Loans have always served as a sensible solution to people’s financial crises, as it is an option that allows you to settle your current expenses and worry about payment at a later date.
They have helped many people to achieve major life goals which their regular income wouldn’t have been able to afford.
Although, the benefits of the different types of loans that exist are superfluous, be advised that they are not always the best solution to financial problems.
In this article, we will be discussing the different types of loans, and life situations where loans are a good option to use and when they are not.
What Is a Loan?
A loan is an amount of money lent to a borrower with the agreement of future repayment. The repayment will include the amount that was lent to the borrower (known as the principal) and most of the time an additional amount (known as an interest).
Sometimes, one may have to provide collateral to get the loan. The essence of collateral is to guarantee that the borrower will repay the loan.
Loans come in different shapes and sizes, including secured, unsecured, commercial, and personal loans.
Not only can one get a loan as a one-time deal, it is also accessible as an open-ended line of credit up but has a limit.
How Loans work
Usually, when you need a loan, you make a request by applying to a government-backed lender who approves your loan without taking a look at your financial or credit history, or a private lender who does a thorough perusal of your credit and financial history to determine if you are capable of repaying the loan.

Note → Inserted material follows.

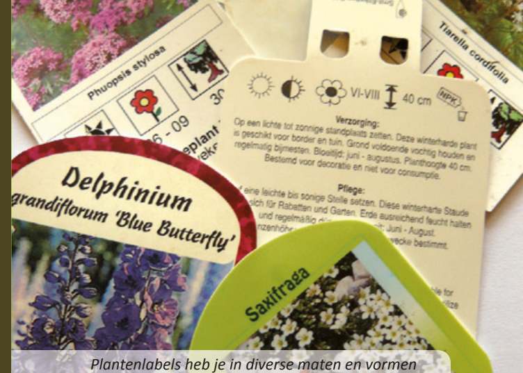
Plantenlabels heb je in diverse maten en vormen

The terms of the loan are set and agreed upon by both the lender and borrower, and then the money is disbursed.
Before granting a loan, there are three main requirements that lenders consider, they include a borrower’s income, credit score, and debt-to-income ratio.
Terms Associated With Loan
If you are not familiar with the lingo of the loan world, the whole process might be a little confusing for you. Check out some of the terms that both lenders and borrowers use while transacting.
1. Principal: This is the actual amount of money that the lender disburses to the borrower as a loan.
2. Interest Rate: This is the rate at which the amount of money that the borrower is owing the lender increases.
3. Loan Payments: This is the amount of money which the borrower is required to pay every week or month towards the repayment of his loan debt.
4. Late Fee: This term is used to describe the charge tacked on a borrower if they don’t pay back the loan on time.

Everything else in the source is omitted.